CHEOPS mission discovers one of the most extreme planets ever

Over the past decade, exoplanet missions such as NASA's Kepler mission and TESS (Transiting Exoplanet Survey Satellite) have found more than 4,000 alien worlds across the vast universe. But a newcomer to the hunt is giving these two space telescopes a run for their money.

The European Space Agency's CHaracterising ExOPlanet Satellite (or CHEOPS) just made its first exoplanet discovery, and it is a doozy.

The discovery was detailed in a study published Monday in the journal Astronomy & Astrophysics.

CHEOPS launched in December, 2019 to observe nearby stars and the strange worlds that may orbit them.

One of these stars is 2,000 times hotter than our Sun, making it appear to glow bright blue.

“Only a handful of planets are known to exist around stars this hot," Monika Lendl, a researcher at the University of Geneva, Switzerland, and lead author of the new study, said in a statement.

The exoplanet, dubbed WASP-189 b, was caught speeding its way around this ultra hot star. WASP-189 b is a hot Jupiter planet, a gas giant similar to our own Solar System's Jupiter, but with more extreme temperatures.

The scorching exoplanet is around 20 times closer to its star than Earth is to the Sun, and completes a full orbit in just 2.7 days. Temperatures on WASP-189 b reach a sweltering 3200 degrees Celsius, the scientists report.

WASP-189 b is quite large, measuring in at almost 1.6 times the radius of the largest planet of the Solar System, Jupiter.

As it crosses in front of its star, WASP-189 b causes a noticeable dip in the star's light.

“WASP-189b is also the brightest hot Jupiter that we can observe as it passes in front of or behind its star, making the whole system really intriguing," Lendl said.

CHEOPS' first find is one of the hottest and most extreme exoplanets ever found.

The planet's host star is also quite intriguing. The star is not perfectly round, but is instead larger and cooler at the equator than at the poles, making the poles of the star appear brighter, according to the researchers.

“It’s spinning around so fast that it’s being pulled outwards at its equator," Lendl said. "Adding to this asymmetry is the fact that WASP-189 b’s orbit is inclined; it doesn’t travel around the equator, but passes close to the star’s poles.”

For a planet to develop this inclined orbit, it may have formed further out from its star and was pulled towards its host over time. This might have happened if another object, such as a second star, pushed the exoplanet closer to the star at some point during its past.

Studying an exoplanet such as WASP-189 b helps scientists better understand the history of hot Jupiter planets, and how these gas giants evolve.

"By tracking exoplanets on their orbits with CHEOPS, we can make a first-step characterization of their atmospheres and determine the presence and properties of any clouds present,” Kate Isaak, CHEOPS project scientist at ESA, said in a statement. “CHEOPS will not only deepen our understanding of exoplanets but also that of our own planet, Solar System, and the wider cosmic environment.”

Abstract: The CHEOPS space mission dedicated to exoplanet follow-up was launched in December 2019, equipped with the capacity to perform photometric measurements at the 20 ppm level.
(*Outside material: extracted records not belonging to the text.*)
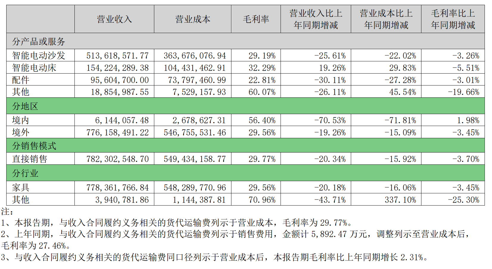 分产品来看,匠心家居智能电动沙发2022上半年营业收入为5.14亿元,毛利率为29.19%,毛利率比上年同期减少3.26%;智能电动床营业收入为1.54亿元,毛利率为32.29%,毛利率比上年同期减少5.51%;配件营业收入为9560.47万元,毛利率为22.81%,毛利率比上年同期减少3.01%;其他营业收入为1885.5万元,毛利率为60.07%,毛利率比上年同期减少19.66%。各项产品或服务毛利率均下滑。
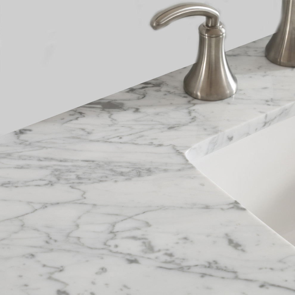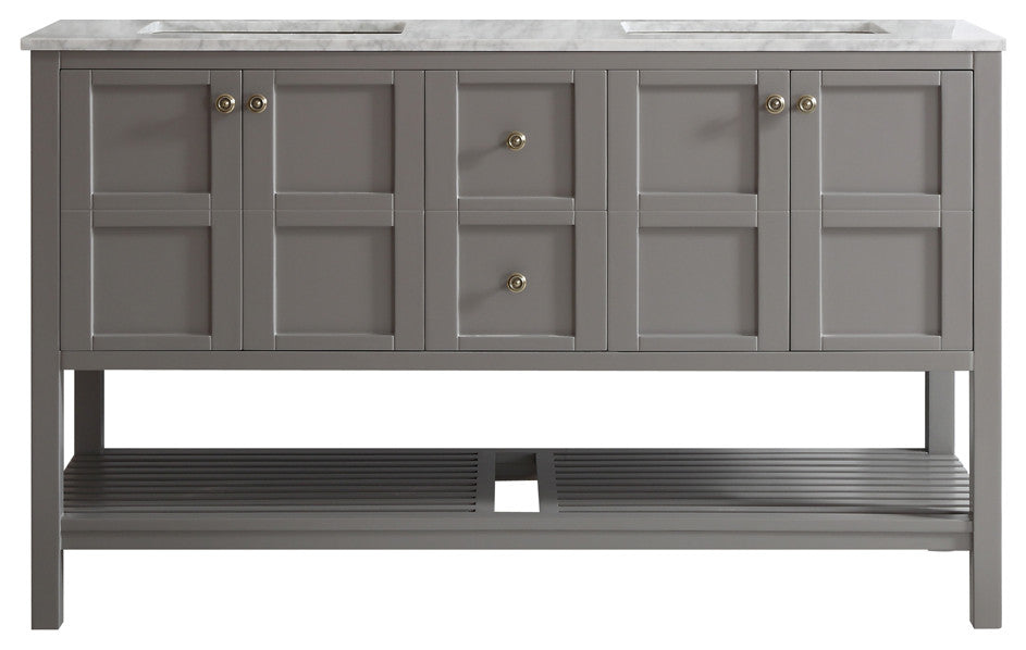 60" Double Vanity in Grey with Carrara White Marble Countertop Without Mirror
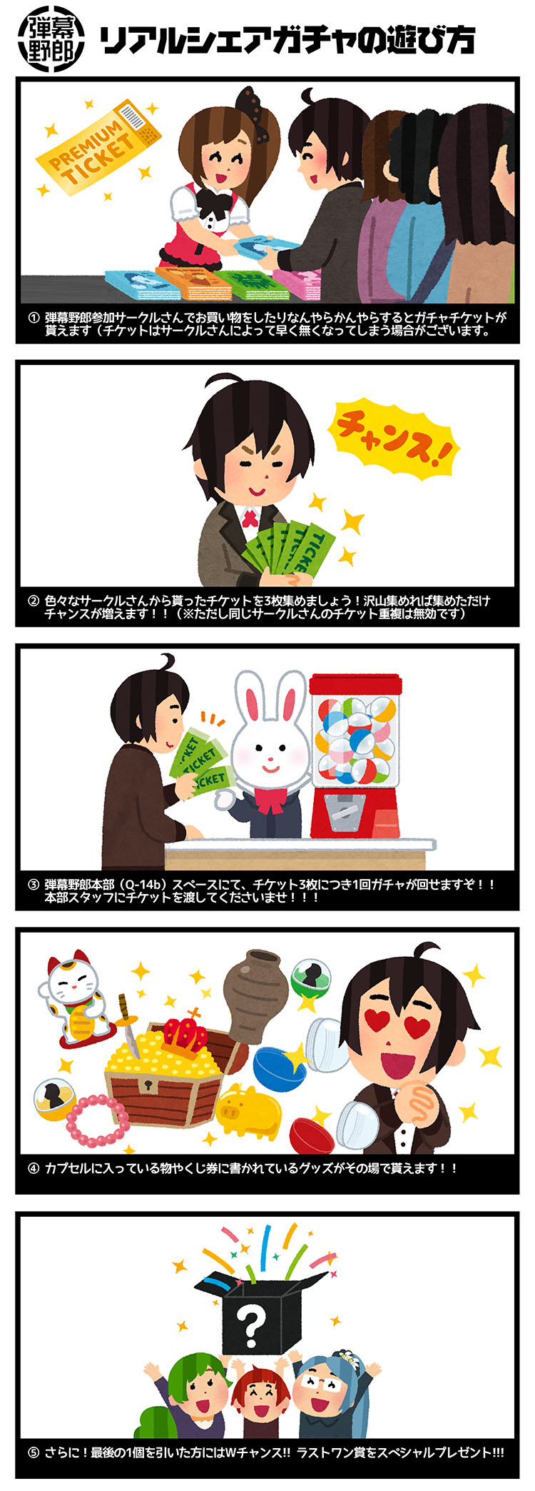 シェアガチャ専用チケットは、弾幕野郎2に参加しているサークルさんから受け取ることができます。チケット配布方法は、各サークルさんごとに異なります。(頒布物の購入や、サークルさんとのお話や、スコアタ対決?等)なお、チケットや景品には上限があります。
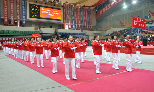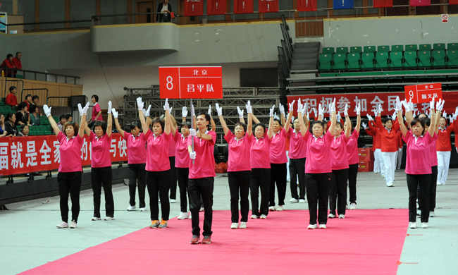 北京昌平隊 從選拔、備戰(zhàn)到今天的總決賽,一路走來,參賽隊員們的動作越來越熟練,越來越標(biāo)準(zhǔn),團(tuán)隊凝聚力越來越強(qiáng)。這些活力十足的中老年朋友并沒有滿足于越跳越熟練這一標(biāo)準(zhǔn),不少參賽隊伍在原有健身操基礎(chǔ)上又添加了一些新的成分。充滿個性的隊名、色彩鮮艷的運(yùn)動裝、揮舞的彩旗等創(chuàng)意,在總決賽的舞臺上給所有觀眾打造了一臺視覺盛宴,讓參賽節(jié)目更有看頭。賽場上,參賽隊員的展示非常到位,微笑始終掛在臉上,就連賽前的口號都是精心準(zhǔn)備、反復(fù)推敲。活力無限的她們感染了舞臺下的每一位觀眾,現(xiàn)場觀眾都在用自己最熱烈掌聲、最大的歡呼聲表達(dá)著對參賽選手的喜愛和尊重。 |
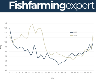 El precio medio semanal del salmón noruego en 2025 cerró en 77,21 NOK por kilo. Esto supone 15,53 NOK/kg por debajo del precio medio de 2024, de 92,74 NOK/kg.
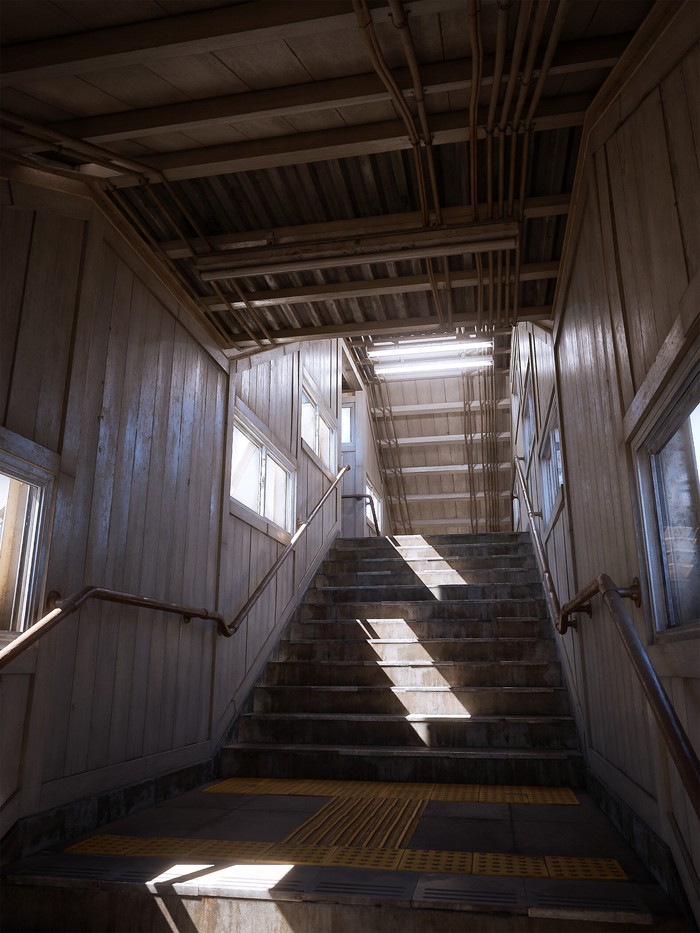 Mulai dari rel keretanya, tangga, cahaya lampu, sinar matahari, bentuk bangunan, suara seperti burung yang saling bersahutan, seakan nyata. Foto: (Artstation: Lorenzo Drago).
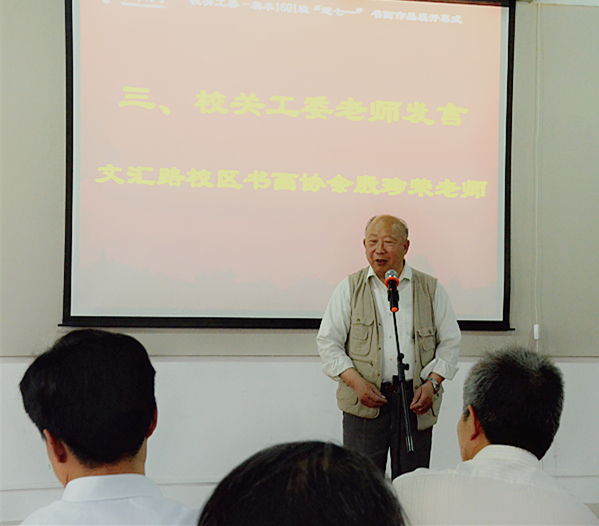 文汇路校区老年书画组组长殷珍荣老师对如何做好学院与关工委共建工作提出了三点希望。第一,希望师生携手共进,以书画促交融,提升共建新水平;第二,希望师生书画经验代代传,老少彼此用心交流感悟,展现共建新气象;第三,师生之间互相尊重,互相共勉,互相鼓励,互相关爱,促进共建新常态;他相信在老年书画组和同学们的共同努力下,共建工作会越发成熟向上。
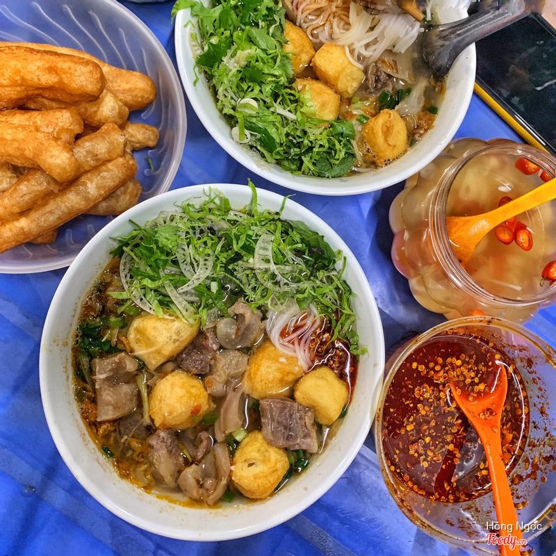 A hearty bowl of crab paste vermicelli soup is a satisfying option for late-night snacking. This dish features a clear, tangy broth that is both flavorful and filling. A serving typically costs around 55,000 VND, making it an excellent choice for those seeking a midnight snack.
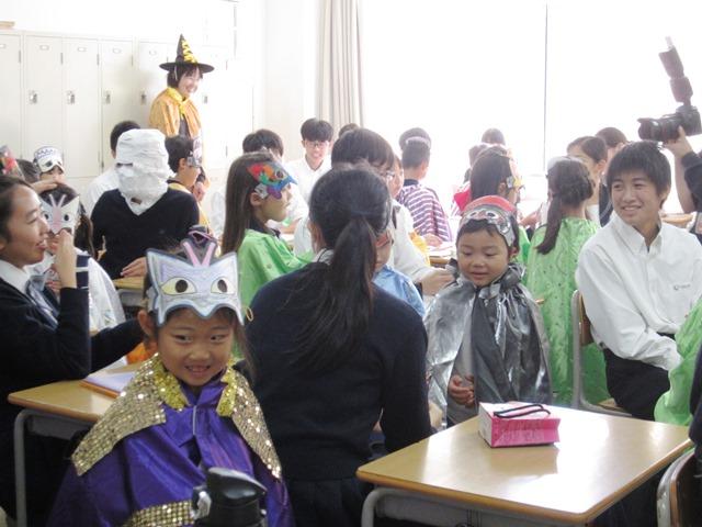 ミミ先生とフィリップ先生と一緒に作ったパンプキンやドラキュラの面と可愛いマントで仮装した子どもたちは、小・中のお兄さん・お姉さんのところにお菓子をもらいに行きました。
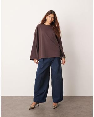 Curve Tailored Pleated Detail Wide Leg Barrel Pants - Brown
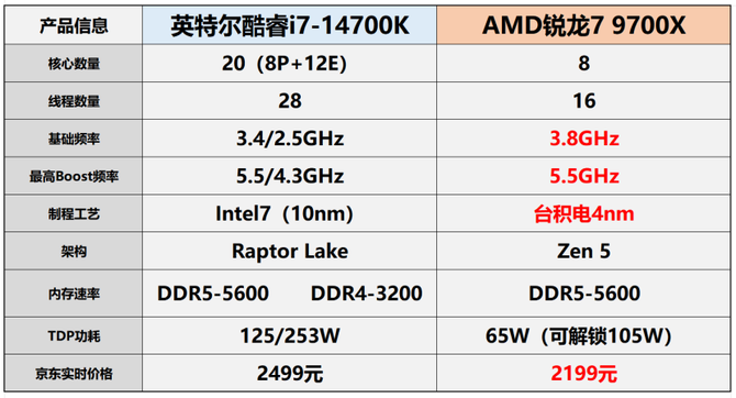 要说目前的中高端处理器上,单纯地讲游戏性能的话,市面上可选的就是AMD锐龙7 9700X和英特尔酷睿i7-14700K,虽然很想说买新不买旧,但是新的酷睿Ultra游戏性能实在是不如上代,所以可选择的,真就只有上面两款了,下面是两款处理器的规格。
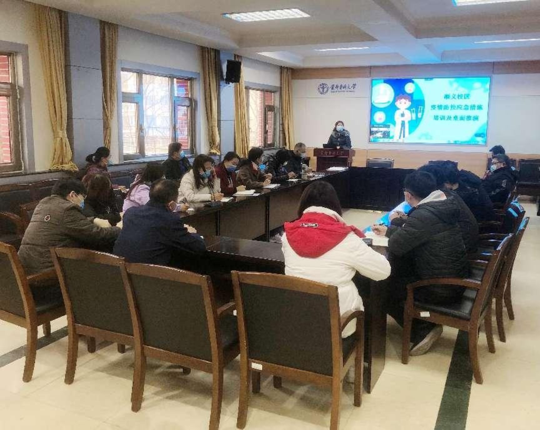 为全面贯彻学校疫情防控工作要求,落实落细各项防控措施,提高针对学生返校后校园可能出现各类疫情的反应能力,3月17日下午,我院组织疫情防控应急措施培训及桌面推演,好色视频 班子成员、疫情防控工作领导小组成员、各党支部书记、各职能部门负责人通过线上与线下同步的方式参加培训及推演。
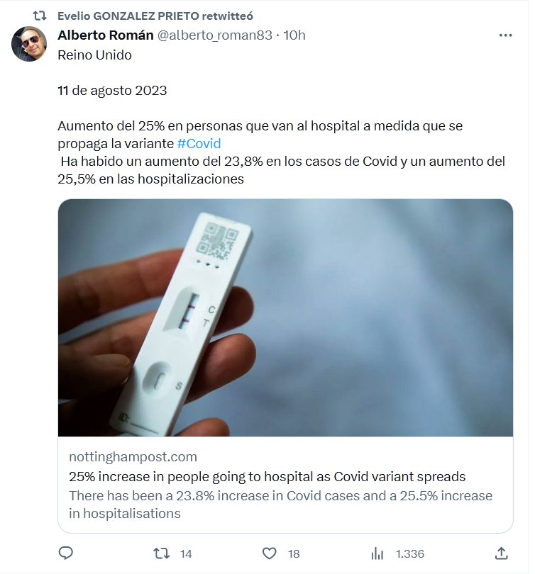 FIN DE PANDEMIA? Reino Unido 11 de agosto 2023 Aumento del 25% en personas que van al hospital a medida que se propaga la variante #Covid Ha habido un aumento del 23,8% en los casos de Covid y un aumento del 25,5% en las hospitalizaciones
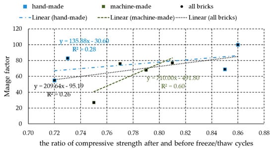 It is evident (Table 6) that the bricks, which are assessed to be resistant to freeze–thaw cycles according to HRN B.D8.011 [36], have the ratio of compressive strengths over 0.72 and the Maage factor in range 27 to 100. Based on the reference literature [5,6,7,8,9,10], only the bricks with the Maage factor higher than 70 are considered resistant to freeze–thaw cycles. However, in the research, even the bricks with a smaller Maage factor (68:27) proved to be resistant. While trying to make a relation between the ratio of compressive strengths and the Maage factor (Figure 10), a low coefficient of correlation of R2 = 0.26 for the equation y = 209.64x − 95.19 (y is the Maage factor and x is the ratio of compressive strengths) was obtained in the case that all bricks were analyzed together regardless of the method of brick forming. However, if the results are processed separately for hand-made and machine-made bricks (Figure 10), it is evident that machine-made bricks have a significantly higher correlation coefficient value than hand-made bricks. Namely, the coefficient of correlation of R2 = 0.28 for the equation y = 135.88x − 30.60 was achieved for hand-made bricks, while machine-made bricks achieved the coefficient of correlation of R2 = 0.60 for the equation y = 710.00x − 491.80. A higher correlation coefficient value for machine-made bricks could be due to greater uniformity characteristics of those bricks compared to hand-made bricks. If such a correlation between the Maage factor and the ratio of compressive strengths before and after the freeze–thaw cycles for machine-made bricks is confirmed on a larger number of testing results, this parameter could be used as an additional method for assessing brick resistance to freezing and thawing cycles. This interesting observation will be further explored by the authors.
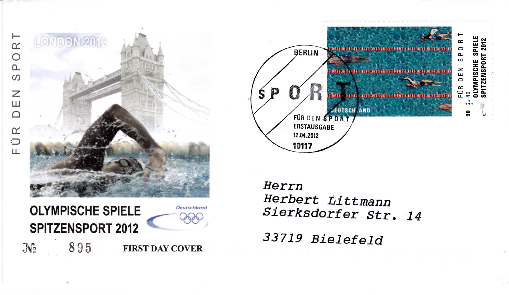 Gelaufener Ersttagsbrief der Marke zu den Olympischen Spielen 2012 mit dem Ersttagsonderstempel Berlin.
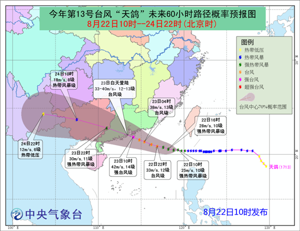 台风“天鸽”路径概率预报图(8月22日10时至24日22时)

As CHEOPS carries out its observations in a broad optical passband, it can provide insights into the reflected light from exoplanets and constrain the short-wavelength thermal emission for the hottest of planets by observing occultations and phase curves. Here, we report the first CHEOPS observation of an occultation, namely, that of the hot Jupiter WASP-189 b, a MP ≈ 2MJ planet orbiting an A-type star. We detected the occultation of WASP-189 b at high significance in individual measurements and derived an occultation depth of dF = 87.9 ± 4.3 ppm based on four occultations. We compared these measurements to model predictions and we find that they are consistent with an unreflective atmosphere heated to a temperature of 3435 ± 27 K, when assuming inefficient heat redistribution. Furthermore, we present two transits of WASP-189 b observed by CHEOPS. These transits have an asymmetric shape that we attribute to gravity darkening of the host star caused by its high rotation rate. We used these measurements to refine the planetary parameters, finding a ∼ 25% deeper transit compared to the discovery paper and updating the radius of WASP-189 b to 1.619 ± 0.021RJ . We further measured the projected orbital obliquity to be λ = 86.4 +2.9 −4.4 deg, a value that is in good agreement with a previous measurement from spectroscopic observations, and derived a true obliquity of Ψ = 85.4 ± 4.3 deg. Finally, we provide reference values for the photometric precision attained by the CHEOPS satellite: for the V=6.6 mag star, and using a one-hour binning, we obtain a residual RMS between 10 and 17 ppm on the individual light curves, and 5.7 ppm when combining the four visits.